**Your task:**
A verbatim copy of the listing is what is needed, minus any pictures.

◆ ◆ ◆ ◆ ◆

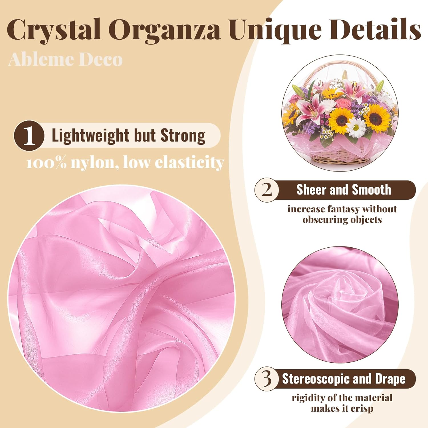 - Sheer & Lightweight with Elegant Drape: Soft to the touch, semi-transparent, and holds its shape beautifully
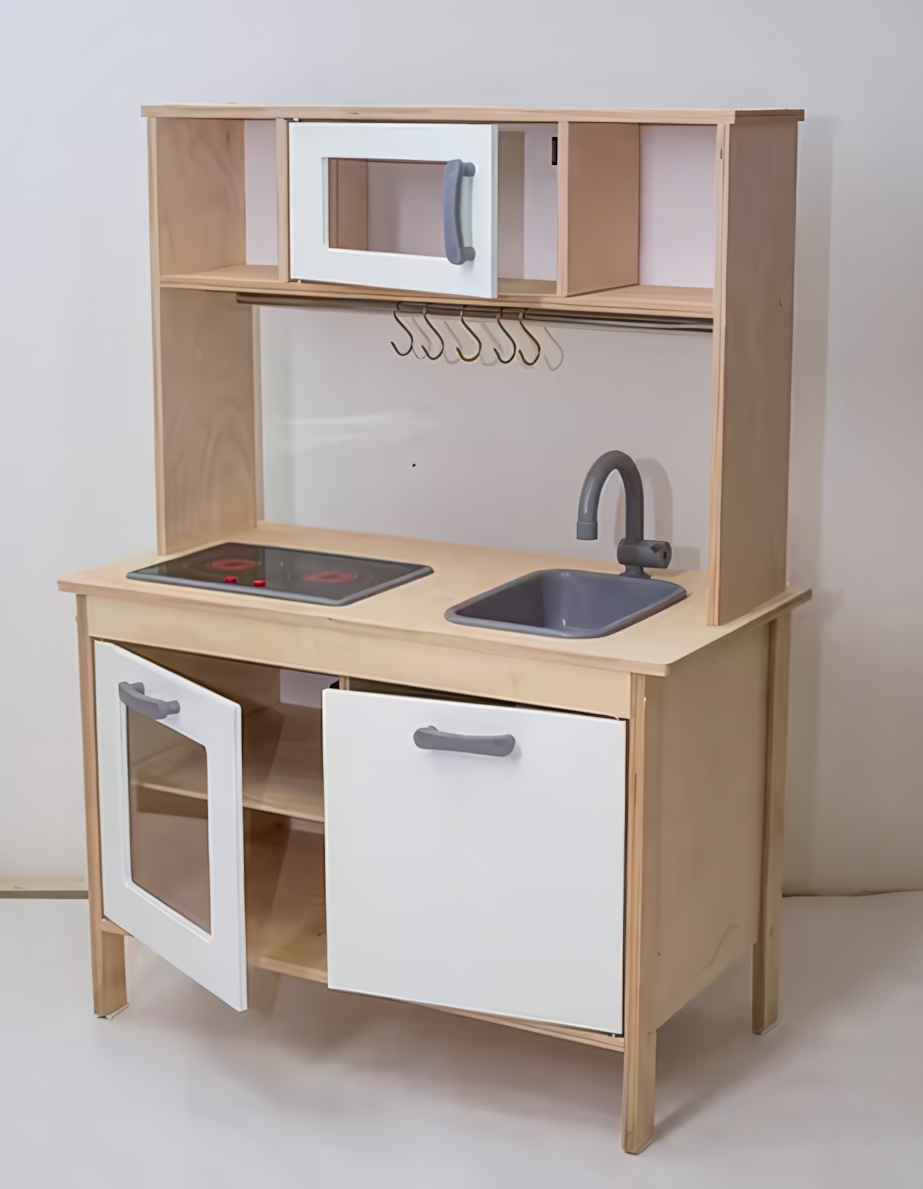 Создайте пространство для творчества и развития вашего ребенка с реалистичной деревянной кухней Alatoys. Модель "ДК06" — это не просто игрушка, а полноценный игровой центр, который помогает детям осваивать важные социальные навыки, подражая взрослым в процессе сюжетно-ролевых игр. Благодаря нейтральному исполнению в цветах светлого дерева и белого лака, кухня гармонично вписывается в интерьер любой современной детской комнаты, подходя как для мальчиков, так и для девочек.
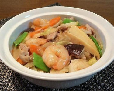 豚肉、魚介類、たっぷり野菜が入ったバランスの良い中華どんぶりです。
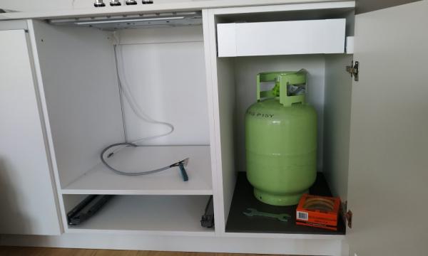 - Opis reference Gospod Matej nas je poklical zaradi priklopa kombinirane kuhalne plošče Bosch na plinsko jeklenko. Ker gre za novogradnjo in kuhinjo narejeno po meri, smo prvo preverili možnost priklopa na električno omrežje. Ploščo smo brez težav priklopili na že puščen trofazni električni vodnik. Sledil je še priklop plina iz jeklenke na kuhalno ploščo. Na plinsko cev smo namestili regulator plina, ki skrbi za konstanten pritisk plina in priključek, kateri se namesti na samo kuhalno ploščo. Cev smo privijačili na jeklenko in kuhalno ploščo. Preverili smo tesnenje cevi oz.priključkov in vse skupaj tudi preizkusili ter zaključili z montažo. Čas montaže ca. 1.5 ure.
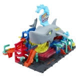 Odkryj ekscytujące przygody z myjnią Hot Wheels City, gdzie dominujący rekin wciąga dzieci do akcji. Wjedź do dołączonego pojazdu Color Reveal po rampie prosto do otwartej paszczy rekina! Naciśnięciem głowy rekina zmień kolor wody i obserwuj, jak odsłania nowe dekoracje na Twoim pojeździe.
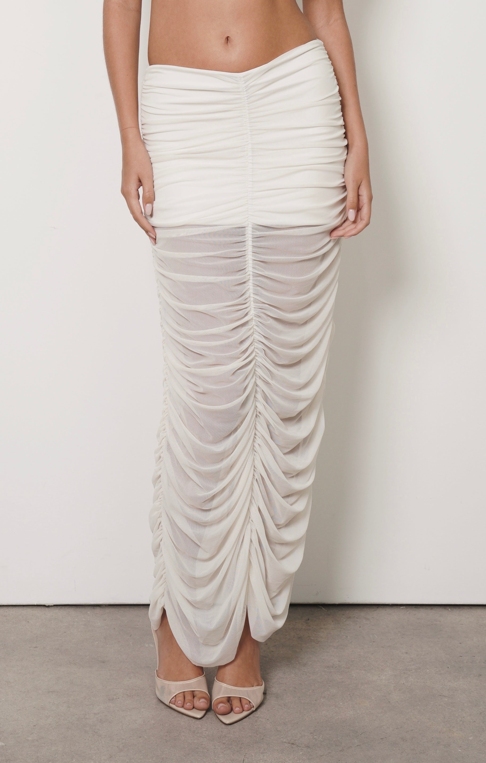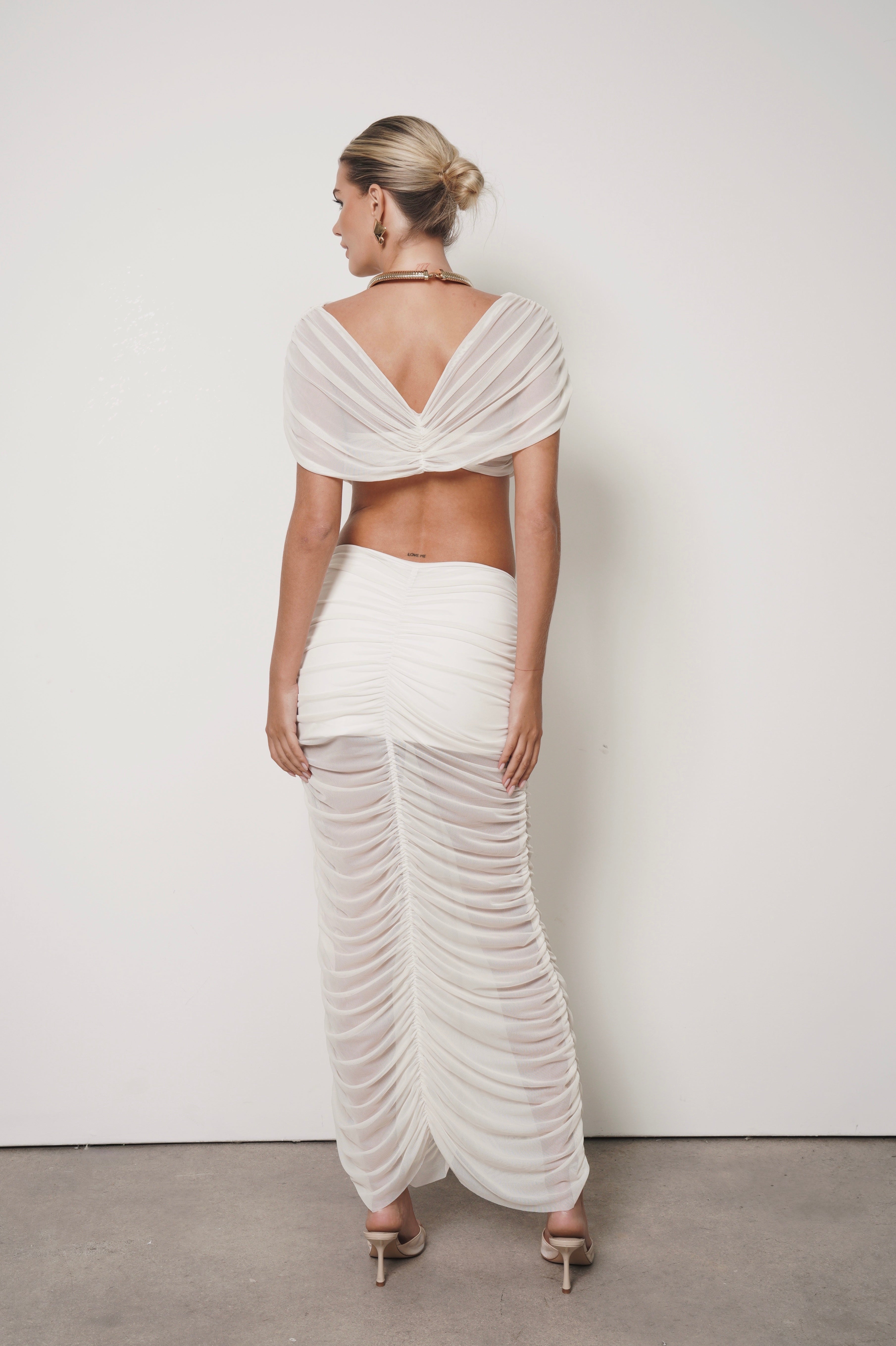 Fluida, estilizada y llena de movimiento. Esta falda en mesh drapeado abraza la figura con suavidad y aporta un toque sofisticado gracias a sus pliegues cuidadosamente diseñados. Una pieza moderna y elegante que eleva cualquier outfit.
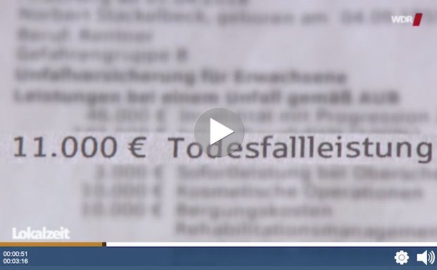 Neun Monate nach dem unfallbedingten Tod ihres Mannes wartet eine Gladbeckerin immer noch auf die Todesfallleistung des Unfallversicherers. Dabei würden die 11.000 Euro der Witwe sehr helfen. Wie viel Bearbeitungszeit ein Kunde der Versicherung zugestehen muss und wie der Fall ausgegangen ist, zeigt ein kurzer Bericht der WDR-Sendung „Lokalzeit“.
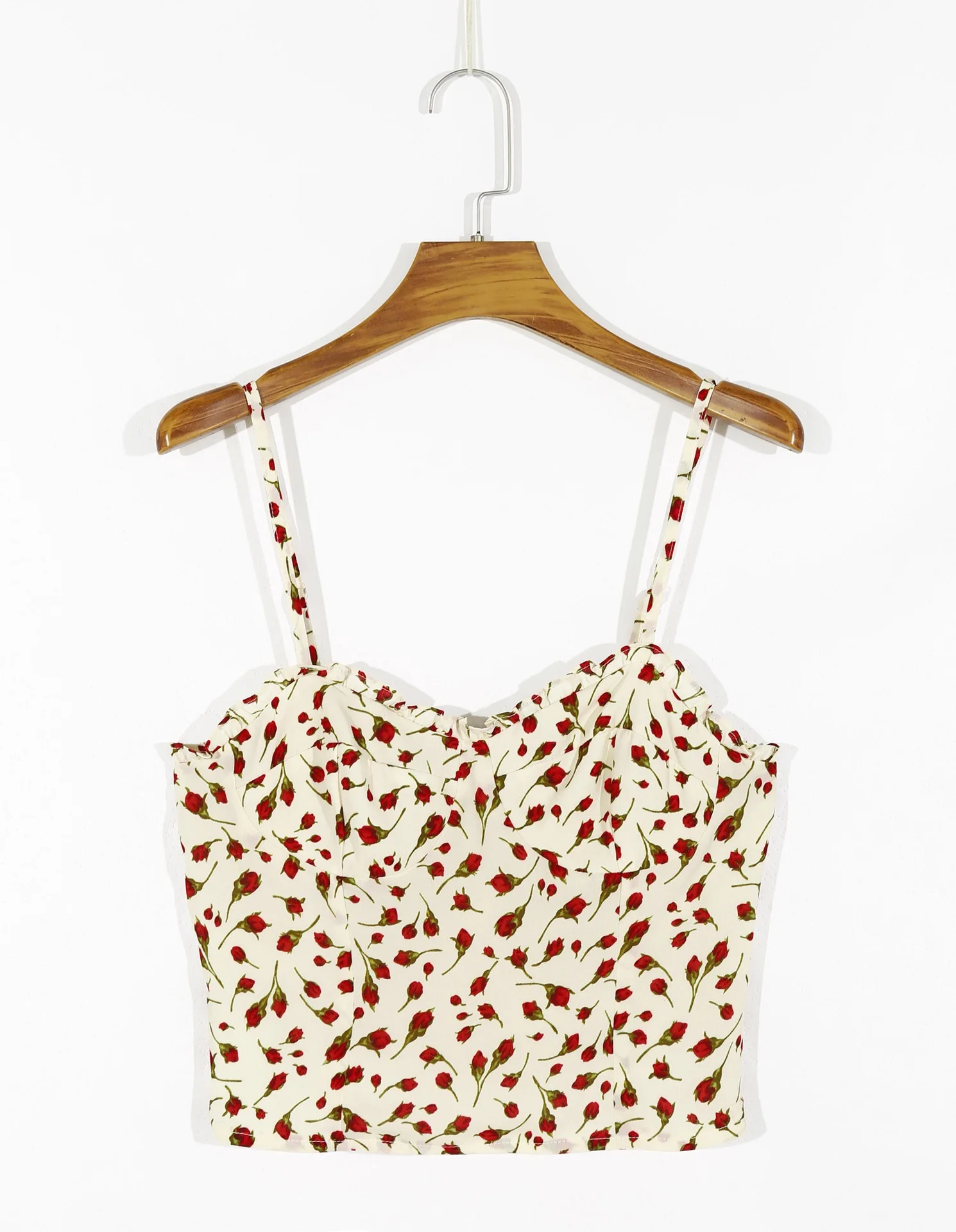 Elegant Women's Summer Casual Sleeveless Cami Top Square Neck Floral Shirred Ruffle Lettuce Trim Cute Woven Wholesale Supplier

◆ ◆ ◆ ◆ ◆

**Your solution:**
 - Sheer & Lightweight with Elegant Drape: Soft to the touch, semi-transparent, and holds its shape beautifully
 Создайте пространство для творчества и развития вашего ребенка с реалистичной деревянной кухней Alatoys. Модель "ДК06" — это не просто игрушка, а полноценный игровой центр, который помогает детям осваивать важные социальные навыки, подражая взрослым в процессе сюжетно-ролевых игр. Благодаря нейтральному исполнению в цветах светлого дерева и белого лака, кухня гармонично вписывается в интерьер любой современной детской комнаты, подходя как для мальчиков, так и для девочек.
 豚肉、魚介類、たっぷり野菜が入ったバランスの良い中華どんぶりです。
 - Opis reference Gospod Matej nas je poklical zaradi priklopa kombinirane kuhalne plošče Bosch na plinsko jeklenko. Ker gre za novogradnjo in kuhinjo narejeno po meri, smo prvo preverili možnost priklopa na električno omrežje. Ploščo smo brez težav priklopili na že puščen trofazni električni vodnik. Sledil je še priklop plina iz jeklenke na kuhalno ploščo. Na plinsko cev smo namestili regulator plina, ki skrbi za konstanten pritisk plina in priključek, kateri se namesti na samo kuhalno ploščo. Cev smo privijačili na jeklenko in kuhalno ploščo. Preverili smo tesnenje cevi oz.priključkov in vse skupaj tudi preizkusili ter zaključili z montažo. Čas montaže ca. 1.5 ure.
 Odkryj ekscytujące przygody z myjnią Hot Wheels City, gdzie dominujący rekin wciąga dzieci do akcji. Wjedź do dołączonego pojazdu Color Reveal po rampie prosto do otwartej paszczy rekina! Naciśnięciem głowy rekina zmień kolor wody i obserwuj, jak odsłania nowe dekoracje na Twoim pojeździe.
 Fluida, estilizada y llena de movimiento. Esta falda en mesh drapeado abraza la figura con suavidad y aporta un toque sofisticado gracias a sus pliegues cuidadosamente diseñados. Una pieza moderna y elegante que eleva cualquier outfit.
 Neun Monate nach dem unfallbedingten Tod ihres Mannes wartet eine Gladbeckerin immer noch auf die Todesfallleistung des Unfallversicherers. Dabei würden die 11.000 Euro der Witwe sehr helfen. Wie viel Bearbeitungszeit ein Kunde der Versicherung zugestehen muss und wie der Fall ausgegangen ist, zeigt ein kurzer Bericht der WDR-Sendung „Lokalzeit“.
 Elegant Women's Summer Casual Sleeveless Cami Top Square Neck Floral Shirred Ruffle Lettuce Trim Cute Woven Wholesale Supplier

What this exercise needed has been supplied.